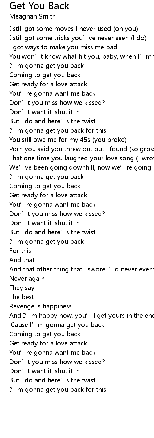 | [01:53.82] | ' Cause I' m gonna get you back |
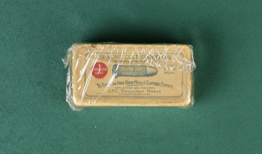 Picture box of .38 Long Colt Smokeless  cartridges by Remington/UMC in overall very  good condition; cellophane wrapped.  Est.:   $20-$40.
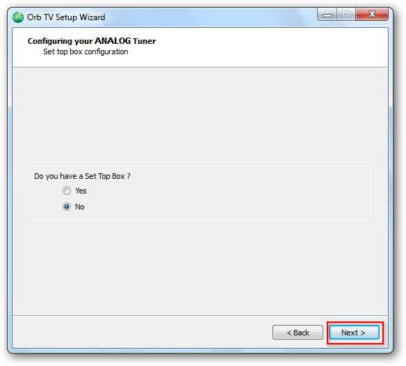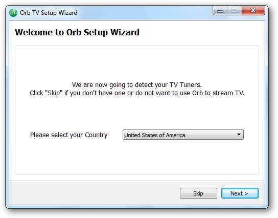 Dacă aveți un card tuner TV conectat la computer, puteți opta pentru configurarea Orb pentru a transmite în direct TV sau înregistrate. Clic Următor → pentru a configura televizorul. Sau, alegeți Ocolire dacă nu doriți să configurați Orb pentru TV.
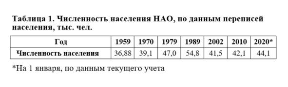Особенность НАО состоит в очень высокой концентрации населения в столице, городе Нарьян-Маре, где проживает более половины (на 1 января 2020 г. — 25,1 тыс. человек, табл. 1); вместе с ближайшим пригородом, поселком Искателей, Нарьян-Мар концентрирует ¾ населения округа.
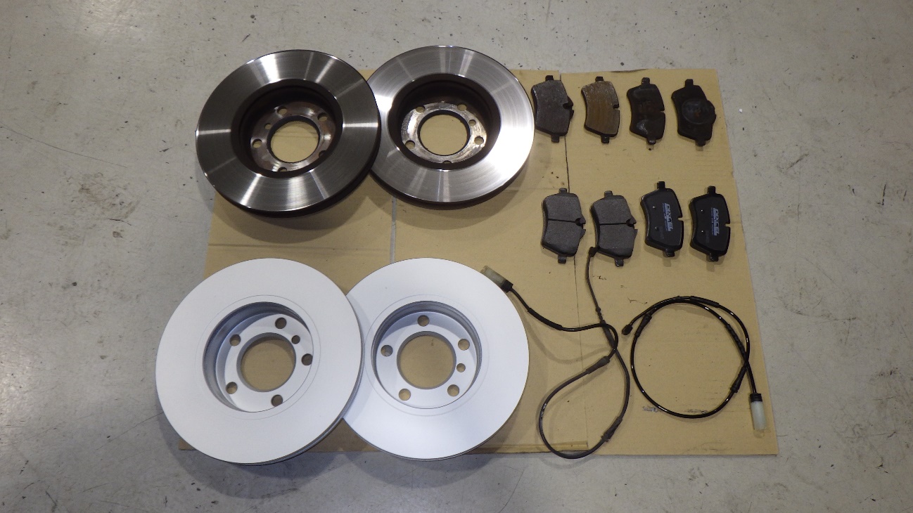フロントのブレーキパッド、ローター、パッドセンサーです。
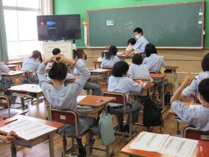 1年3組の技術・家庭科(家庭科)の授業は,テスト返しと振り返りでした。
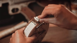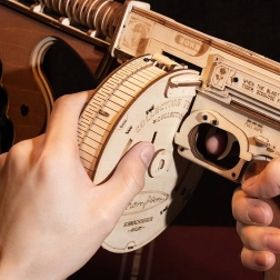 Această machetă mecanică din lemn oferă o experiență realistă a iconicului pistol-mitralieră THOMPSON. Datorită tăierii laser precise, piesele se potrivesc perfect, iar asamblarea este lină și satisfăcătoare. După finalizare, obții un model impresionant cu mecanism funcțional pe elastice, care chiar trage.
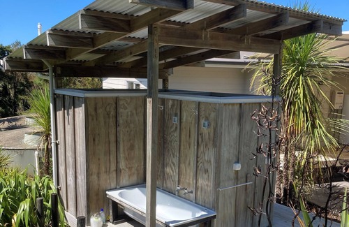 Your hosts Claire and Mark invite you to come and relax in our comfortable self-catering accommodation, in its own private bush setting with sea views. Relax in all weathers in our under-cover outdoor living area. Indulge yourself with a candle-lit soak in our outdoor bath; there are also two bathrooms inside.
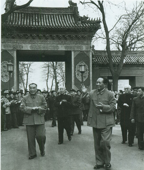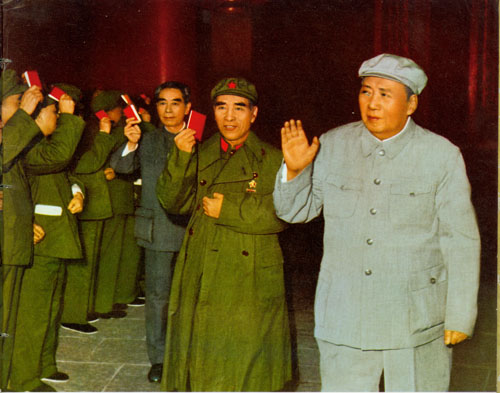 159.林彪1971.5.1与毛泽东、周恩来登上天安门城楼出席五一欢庆晚会彩照。

____

** Assigned task **
Repeat the lines above precisely and skip every picture.

** Written solution **
 | [01:53.82] | ' Cause I' m gonna get you back |
 Picture box of .38 Long Colt Smokeless  cartridges by Remington/UMC in overall very  good condition; cellophane wrapped.  Est.:   $20-$40.
 Dacă aveți un card tuner TV conectat la computer, puteți opta pentru configurarea Orb pentru a transmite în direct TV sau înregistrate. Clic Următor → pentru a configura televizorul. Sau, alegeți Ocolire dacă nu doriți să configurați Orb pentru TV.
Особенность НАО состоит в очень высокой концентрации населения в столице, городе Нарьян-Маре, где проживает более половины (на 1 января 2020 г. — 25,1 тыс. человек, табл. 1); вместе с ближайшим пригородом, поселком Искателей, Нарьян-Мар концентрирует ¾ населения округа.
フロントのブレーキパッド、ローター、パッドセンサーです。
 1年3組の技術・家庭科(家庭科)の授業は,テスト返しと振り返りでした。
 Această machetă mecanică din lemn oferă o experiență realistă a iconicului pistol-mitralieră THOMPSON. Datorită tăierii laser precise, piesele se potrivesc perfect, iar asamblarea este lină și satisfăcătoare. După finalizare, obții un model impresionant cu mecanism funcțional pe elastice, care chiar trage.
 Your hosts Claire and Mark invite you to come and relax in our comfortable self-catering accommodation, in its own private bush setting with sea views. Relax in all weathers in our under-cover outdoor living area. Indulge yourself with a candle-lit soak in our outdoor bath; there are also two bathrooms inside.
 159.林彪1971.5.1与毛泽东、周恩来登上天安门城楼出席五一欢庆晚会彩照。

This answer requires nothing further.